(Stored items from a collection)

*** Block opens ***

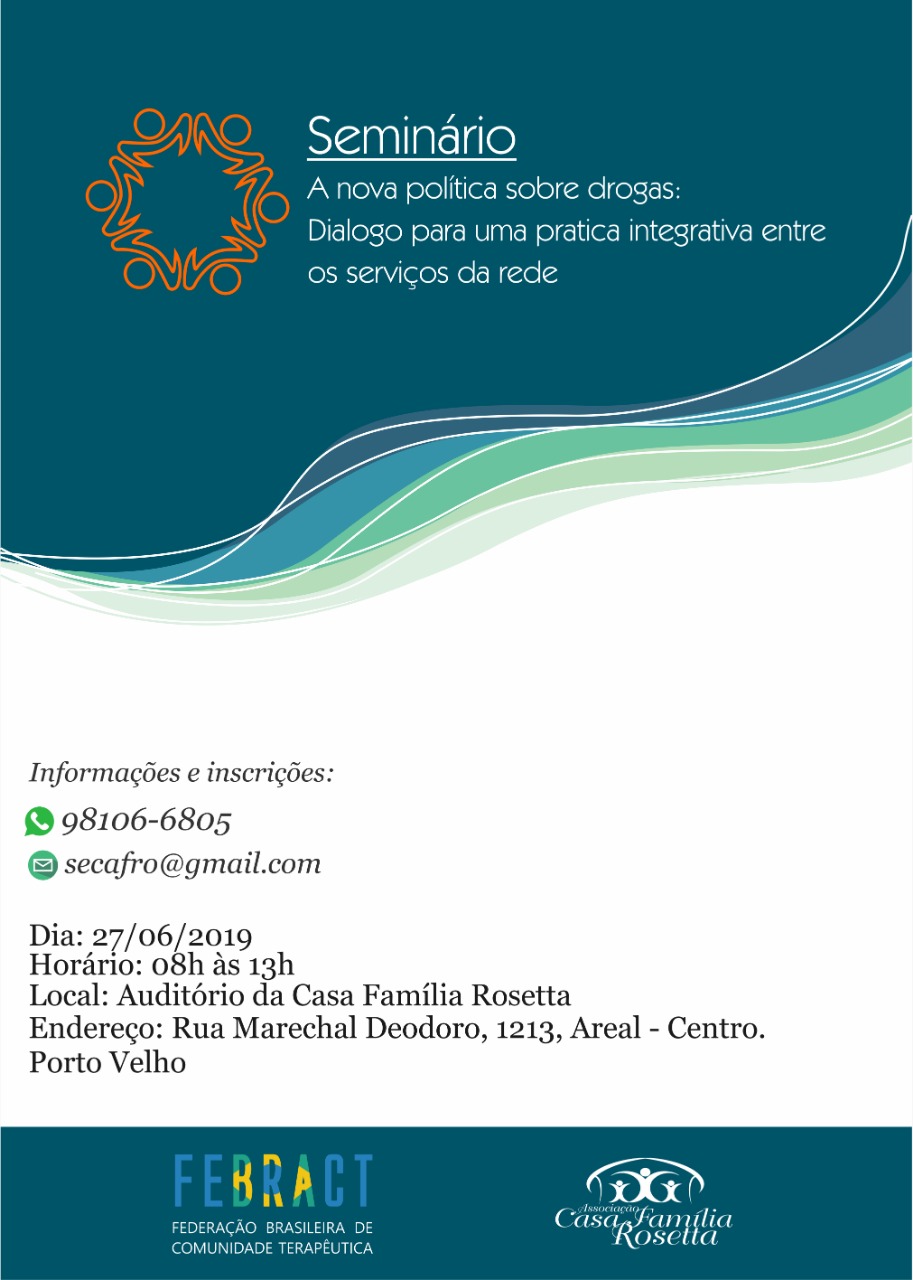 A Associação Casa Família Rosetta e a Delegacia Rondônia da Federação Brasileira de Comunidades Terapêuticas–FEBRACT, em ocasião da Semana de Enfrentamento e Prevenção ao Uso/Abuso de Álcool e outras Drogas, estarão realizando no próximo dia 27 de Junho, o Seminário com o tema “A nova Politica sobre Drogas: Dialogo para uma pratica integrativa entre os serviços da rede”.
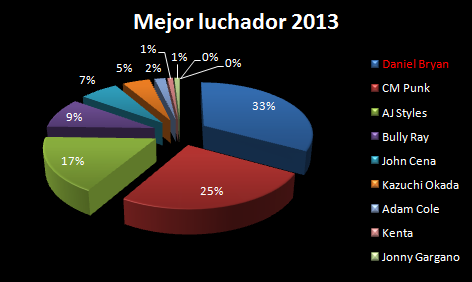 Tras haber revisado las votaciones de nuestros usuarios y haberlo anunciado en la edición de la semana pasada de Xtreme Pressing aquí os dejamos el gráfico de las votaciones, en las que Daniel Bryan ha conseguido proclamarse mejor luchador de 2013.
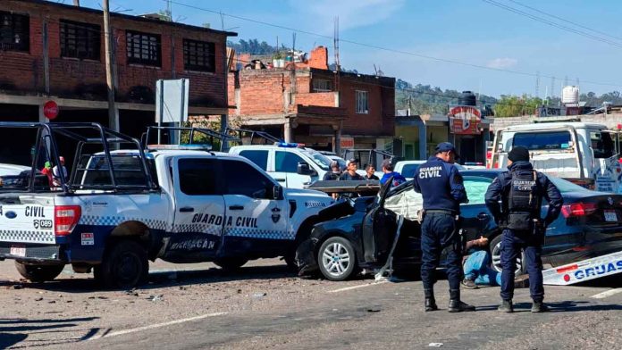 Pátzcuaro, Mich.- Viernes 02 de enero de 2026.- Tres vehículos, entre ellos una camioneta patrulla de la Guardia Civil (GC), protagonizaron un choque sobre la carretera Pátzcuaro-Quiroga, hecho que dejó al menos ocho personas heridas: cinco oficiales y tres civiles, de acuerdo con información preliminar.
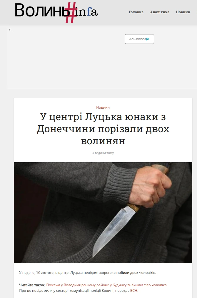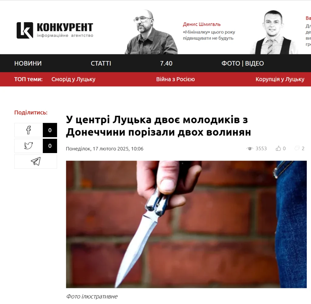 Новина зі схожим заголовком «У центрі Луцька двоє молодиків з Донеччини порізали двох волинян» вийшла і на сайті «Конкурент».
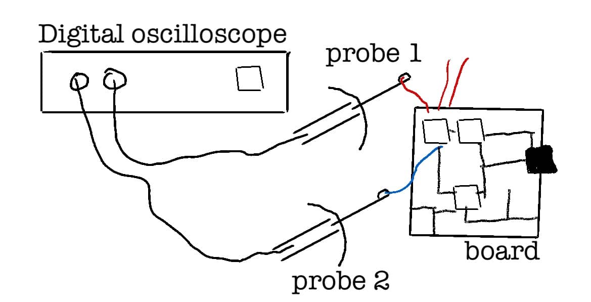 After a few days, we got an evaluation board with a chip of the same family that we were going to use in the hardware. With that board I was able to start testing. To test, I had to solder half a dozen very thin wires on the board and use a digital oscilloscope. I had to analyze the data coming in and out using several tools.
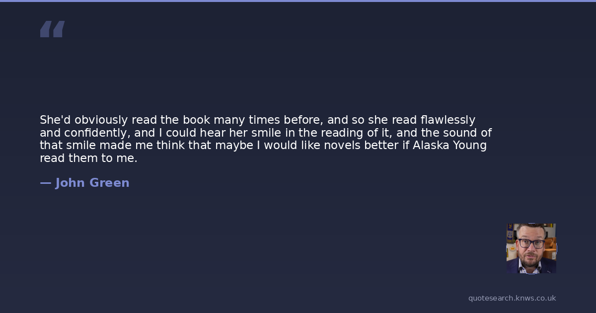 She'd obviously read the book many times before, and so she read flawlessly and confidently, and I could hear her smile in the reading of it, and the sound of that smile made me think that maybe I would like novels better if Alaska Young read them to me.
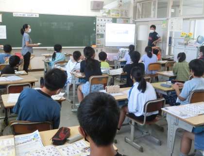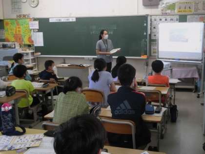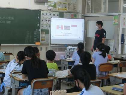 6年生の英語では、いろいろな国と有名なものについて、英語で紹介する学習していました。国旗を見て、国の名前を英語で答えたり、有名なものを英語で答えたりしていました。
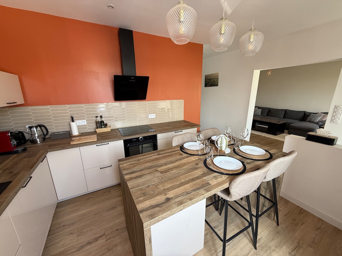Kom och tillbringa en drömnatt tillsammans med den du älskar, i detta lugna och eleganta boende på 50 m2. Vi hoppas verkligen att du kommer att gilla denna plats, nyckelorden för din vistelse kommer att vara kärlek, avkoppling och vila. För detta ändamål finns ett rum med bubbelpool och dusch. I det andra rummet kan du njuta av ett riktigt kök med vardagsrum. Vi ligger i Dole, en charmig gastronomisk och kulturell stad i Jura
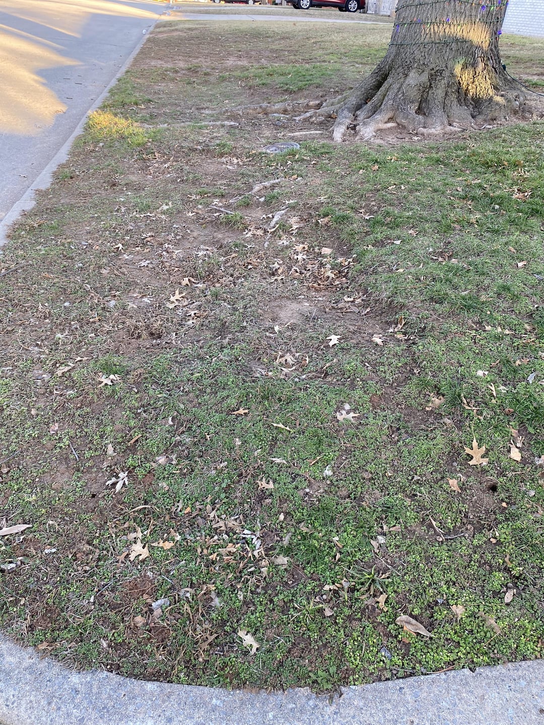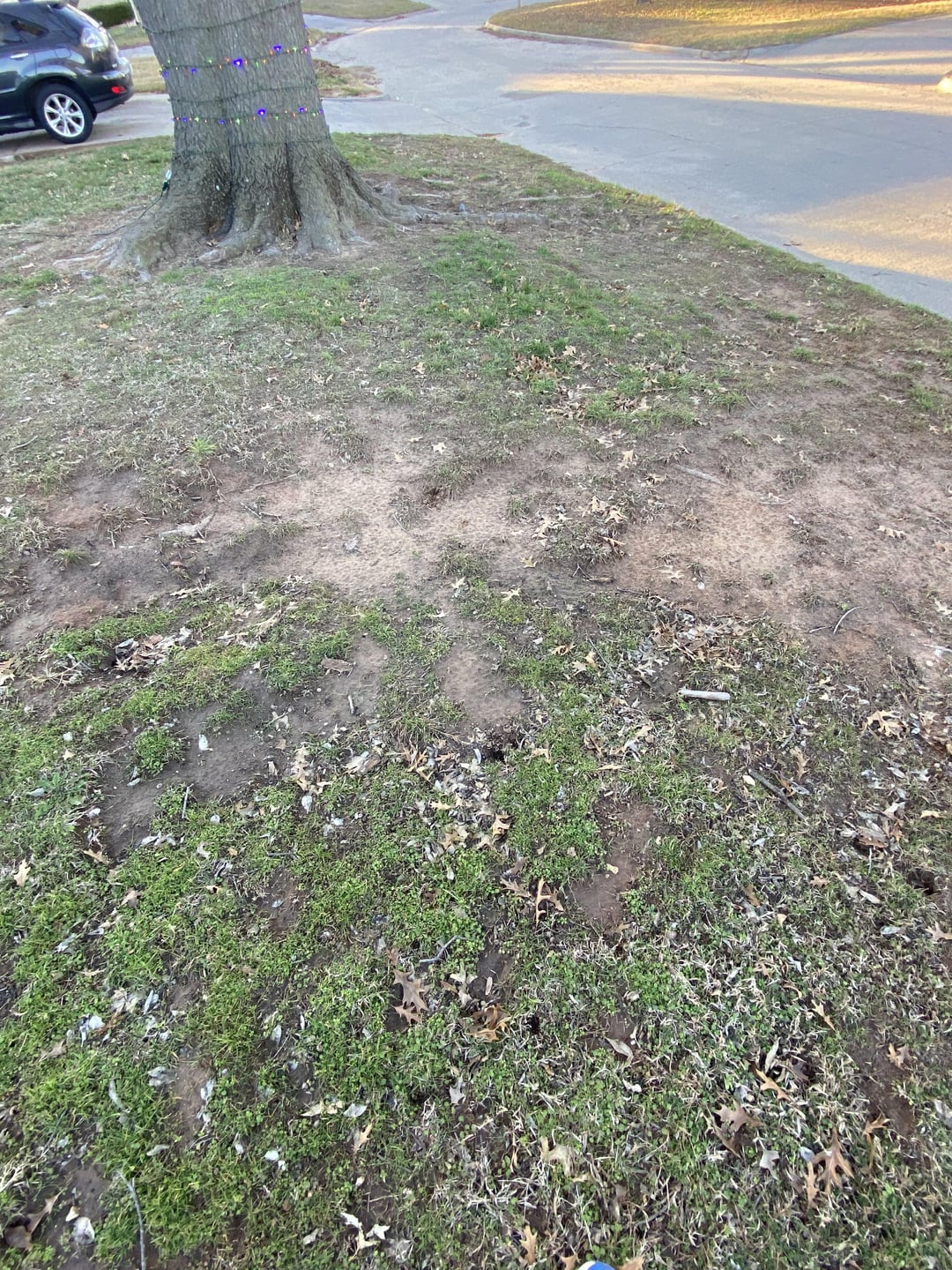 3 trim the tree first.. too much shade, and those surface roots…
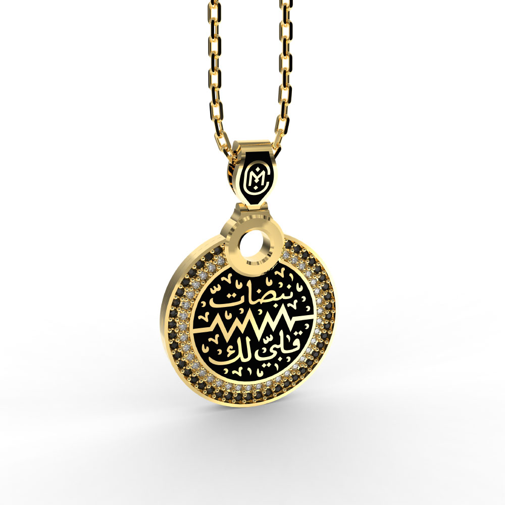 ما يميز قلاداتنا هو الشعر الصادق الذي يزين كل قطعة. هذه القصائد المكتوبة بالخط العربي الجميل، ليست مجرد كلمات، ولكنها همسات عاطفية، منقوشة بعناية للاحتفال بالحب والمشاعر الإنسانية. تحكي كل قلادة قصة، مما يجعلها هدية شخصية وعميقة لشخص مميز.
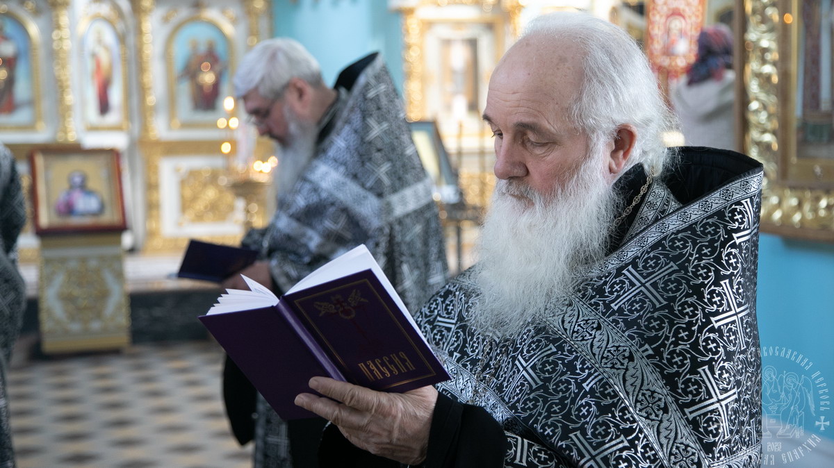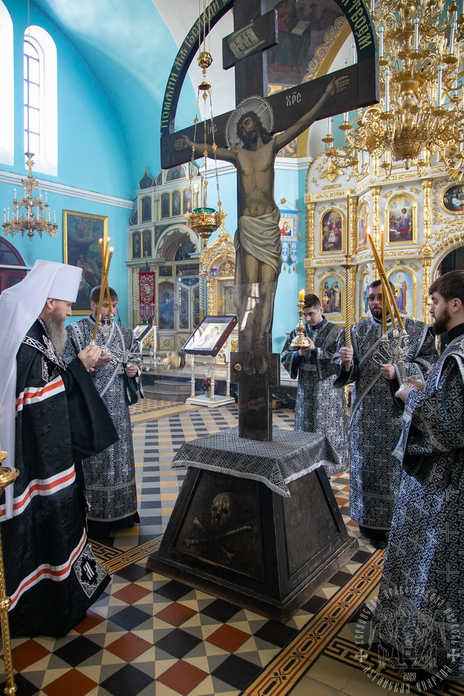После акафиста, владыка Пантелеимон прочел главы из Евангелия (Ин.18; Ин.19), повествующие о спасительных страданиях Господа нашего Иисуса Христа.
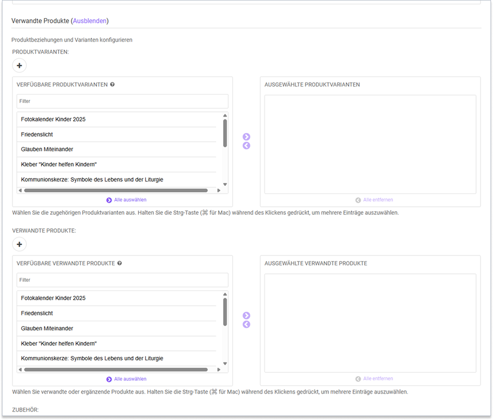 Bei der Auswahl von z.B. verwandten Artikeln haben wir zu einer Mehrfach-Zuordnung gewechselt, da diese übersichtlicher und benutzerfreundlicher ist. Zum Auswählen der Produkte einfach links das Produkt auswählen und mit dem Pfeil nach rechts verschieben. Alle Produkte in der rechten Spalte sind ausgewählt. Wenn Produkte von der Auswahl entfernt werden sollen, können diese mit der selben Logik einfach zurück nach links verschoben werden.
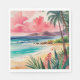 A peaceful tropical shoreline where golden sand meets rolling turquoise waves. Lush palm trees sway under a dreamy pink and teal sunset. The perfect escape for those who love the beach and ocean breeze.

*** Block closes ***

The answer must be the lines above from the one containing "Новина зі схожим" through the one containing "6年生の英語では、いろいろな", reproduced exactly, with no pictures and nothing else.

 Новина зі схожим заголовком «У центрі Луцька двоє молодиків з Донеччини порізали двох волинян» вийшла і на сайті «Конкурент».
 After a few days, we got an evaluation board with a chip of the same family that we were going to use in the hardware. With that board I was able to start testing. To test, I had to solder half a dozen very thin wires on the board and use a digital oscilloscope. I had to analyze the data coming in and out using several tools.
 She'd obviously read the book many times before, and so she read flawlessly and confidently, and I could hear her smile in the reading of it, and the sound of that smile made me think that maybe I would like novels better if Alaska Young read them to me.
 6年生の英語では、いろいろな国と有名なものについて、英語で紹介する学習していました。国旗を見て、国の名前を英語で答えたり、有名なものを英語で答えたりしていました。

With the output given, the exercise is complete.